Аркес и Блумер наблюдали этот эффект в самых разных версиях сюжетов и даже провели тест со студентами экономического отделения, которые уже изучали этот эффект на своих занятиях. Их результаты ничем не отличались от результатов неподготовленных участников, которые ничего не знали об эффекте невозвратных затрат. Для психологов вывод был очевиден: отказываясь от невыгодного дела, человек допускает, что перед этим совершил ошибку, а психологическая цена такого действия слишком высока. «Признать, что деньги потрачены впустую, крайне сложно, – писали они. – Но можно избежать необходимости признавать это, если продолжать действовать так же, как раньше, как будто все предыдущие траты были разумными и обоснованными. Хороший способ подпитывать это убеждение – вкладывать дополнительные средства». Действительно, в другом независимом исследовании психолог Барри Стоу обнаружил: сообщить человеку, что он принял неудачное инвестиционное решение, недостаточно, чтобы заставить его пересмотреть это решение. Студенты бизнес-школы, которые чувствовали, что неудачно вложили деньги, продолжали делать инвестиции, причем намного более крупные, чем при любых других условиях.

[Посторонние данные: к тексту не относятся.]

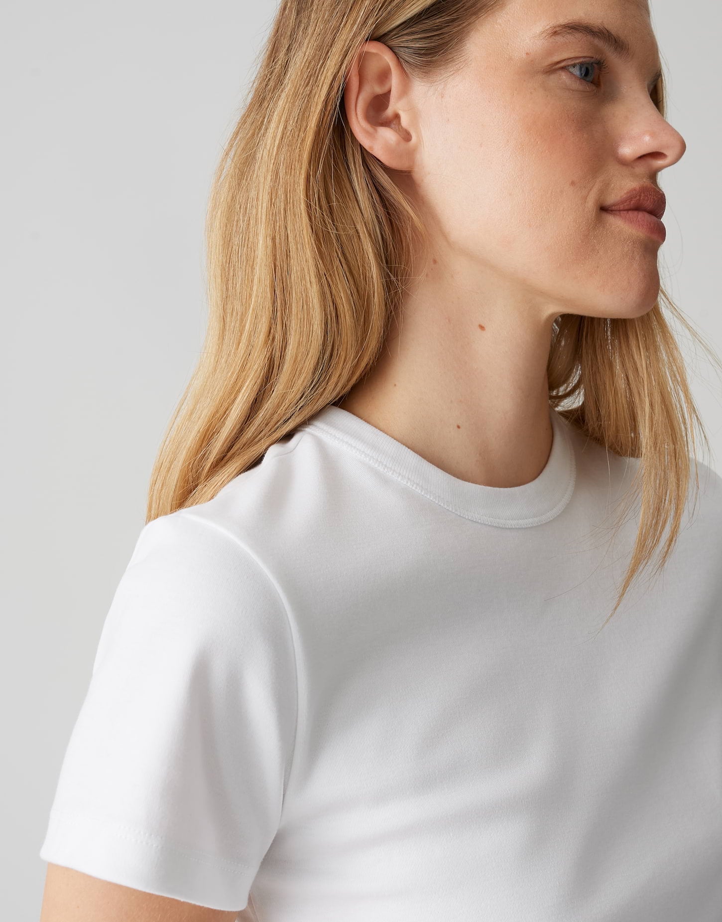 schmale Passform, gerader Schnitt, Kurzarm, Rundhalsausschnitt, Rückenlänge ca. 60 cm bei Größe 36, Model Größe 179 cm – trägt Größe 36, BCI Cotton Mix, Jersey, elastischer Stoff, weicher Griff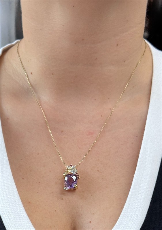Zlatý přívěsek s ametystem, topazy a almandiny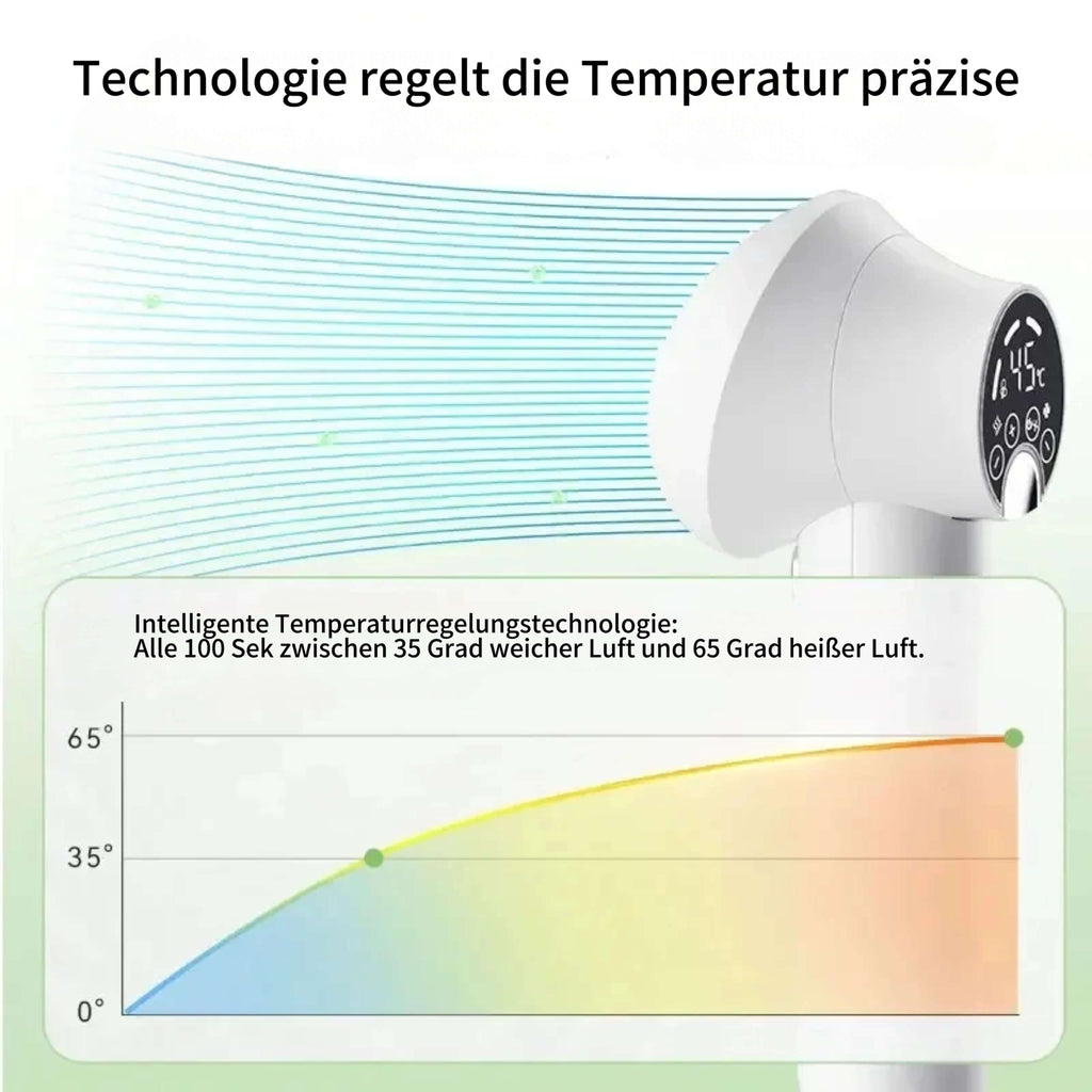 Der Felltrockner nutzt eine optimale Kombination aus warmer Luft und sanftem Luftstrom, um das Fell deines Hundes effektiv zu trocknen, ohne die empfindliche Haut zu reizen.
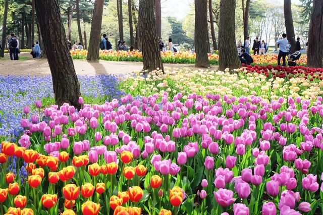Ở Showa Kinen, hoa tulip được trồng không chỉ rải rác mà còn khiến du khách mãn nhãn với những thảm hoa tulip vô cùng rực rỡ. Muôn sắc hoa tulip được trồng theo sắc độ vô cùng mát mắt. Tại đây, từ cuối tháng 3 đến cuối tháng 5, lễ hội hoa tulip và triển lãm hoa được tổ chức để du khách cũng như người dân được ngắm loài hoa tulip trên phong thổ đất Nhật. Hoa tulip sẽ được trang trí thành bức tường, cây cầu hay con đường hoa nên bạn sẽ tha hồ có được những bức ảnh đẹp. Không chỉ ngắm đủ các loại hoa mà du khách còn được chiêu đãi bàn tiệc các loại hoa rực rỡ khác như hoa mỹ nhân, hoa chuông tím, hoa tủy tiên vàng…Đúng là được cho được cả gói mang về!
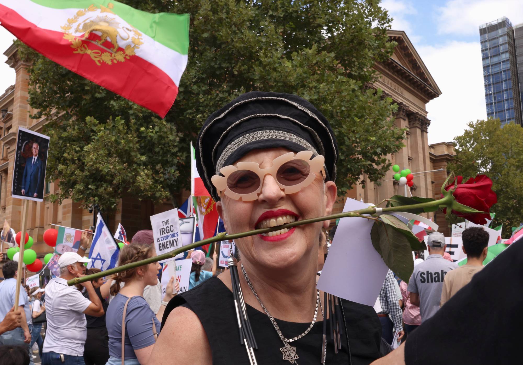 أشخاص في مظاهرة حاشدة بسيدني تضامناً مع المحتجين المناهضين للحكومة بإيران (إ.ب.أ)

Дело в том, что, как и большинство когнитивных искажений, психология невозвратных затрат – выжидать, несмотря на непрерывную череду потерь, – не всегда иррациональна. Возьмем эффект ловушки, когда люди постоянно несут небольшие потери в ожидании конечной цели – как пассажиры, которые уже час ждут автобуса, но все равно не хотят вызывать такси, потому что автобус еще может прийти. И действительно, иногда он приходит. Ради большой награды мы готовы пойти на значительно больший риск. Строительство плотины в том районе, который давно в ней нуждался, принесет экономическую выгоду, исчисляющуюся в миллиардах долларов. Обнаруженное достояние мирового искусства подтвердит вашу роль как первооткрывателя сокровищницы шедевров абстрактного экспрессионизма. Единственная проблема в том, что мы не можем увидеть реальную картину, а поэтому недооцениваем риск и переоцениваем шансы на успех. Чем дольше мы остаемся в игре, чем больше в нее вкладываем и даже теряем, тем дольше мы будем упорствовать, утверждая, что все в конце концов уладится. На этапе разбивки мы столкнулись с первыми потерями: казалось бы, тут и следует выйти из игры, но вместо этого мы переходим на этап добавки, у нас как будто открывается второе дыхание, и после этого мошенник разыгрывает взятку как по нотам.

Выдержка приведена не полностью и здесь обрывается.